Study material

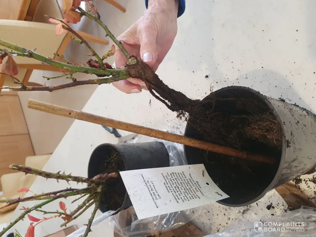 Three roses were delivered a week late and in very poor condition. We were here but The delivery man didn't even bother to ring the doorbell? I have enclosed photos. One pot had virtually no soil as it was all at the bottom of the box. One other pot is split and damaged. One rose may survive (?), but I am not impressed at all. The soil is dry and...
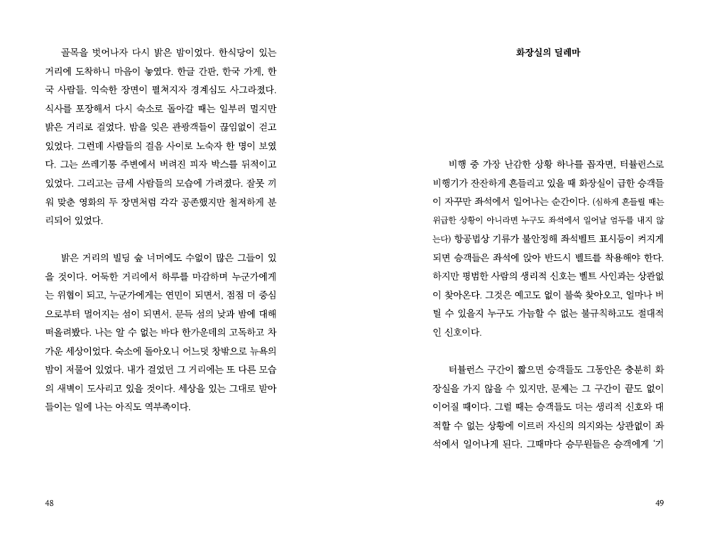 인생의 한 구간을 자신만의 보폭으로 성실하게 걷고 있을 뿐인데 터뷸런스는 예보도 없이 찾아온다. 30p
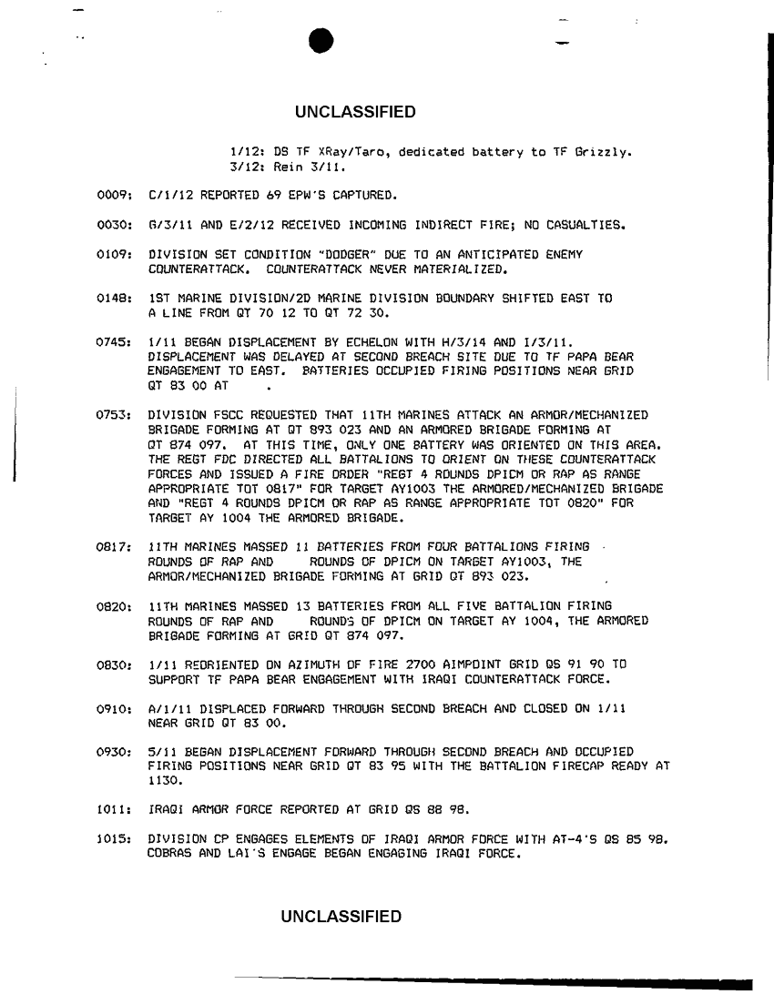 Document 14 f:/Week-42/BX600057/I MEF ACCOUNTS OF COMBAT ACTION/11th marines oper ds summary of significant even:11129615131224
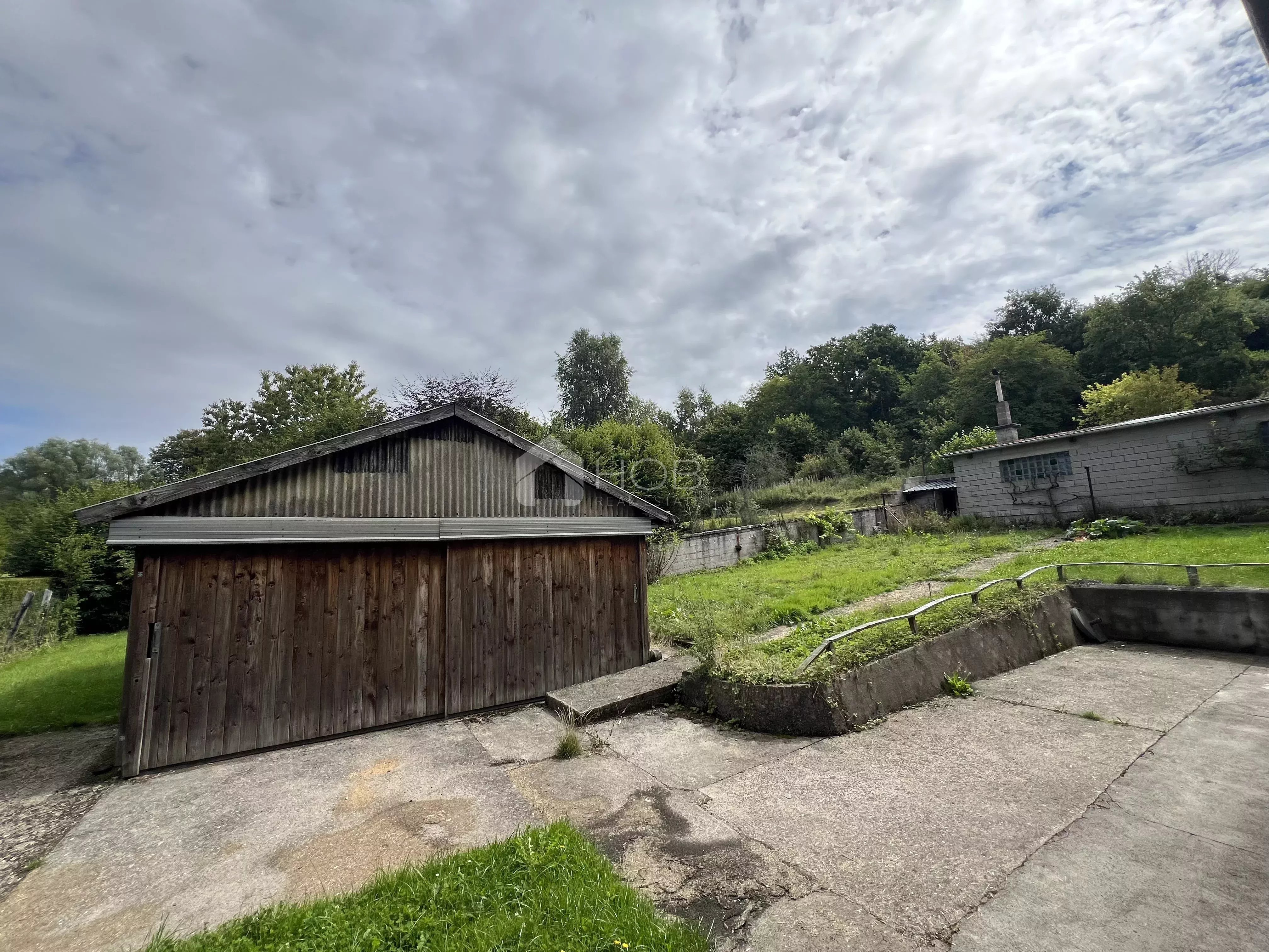 La cour arrière fermée avec remise complète l’ensemble – idéale pour le rangement ou des utilisations variées.
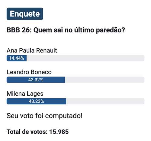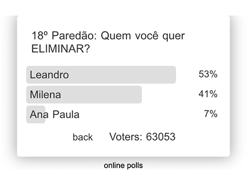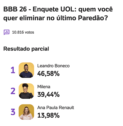 Na enquete do UOL, com 10.816 votos, Leandro aparece na frente com 46,58%, enquanto Milena tem 39,44% e Ana Paula soma 13,98%.

Goal of the exercise
The answer is the complete set of records, copied exactly, with pictures omitted.

Response area
 Three roses were delivered a week late and in very poor condition. We were here but The delivery man didn't even bother to ring the doorbell? I have enclosed photos. One pot had virtually no soil as it was all at the bottom of the box. One other pot is split and damaged. One rose may survive (?), but I am not impressed at all. The soil is dry and...
 인생의 한 구간을 자신만의 보폭으로 성실하게 걷고 있을 뿐인데 터뷸런스는 예보도 없이 찾아온다. 30p
 Document 14 f:/Week-42/BX600057/I MEF ACCOUNTS OF COMBAT ACTION/11th marines oper ds summary of significant even:11129615131224
 La cour arrière fermée avec remise complète l’ensemble – idéale pour le rangement ou des utilisations variées.
 Na enquete do UOL, com 10.816 votos, Leandro aparece na frente com 46,58%, enquanto Milena tem 39,44% e Ana Paula soma 13,98%.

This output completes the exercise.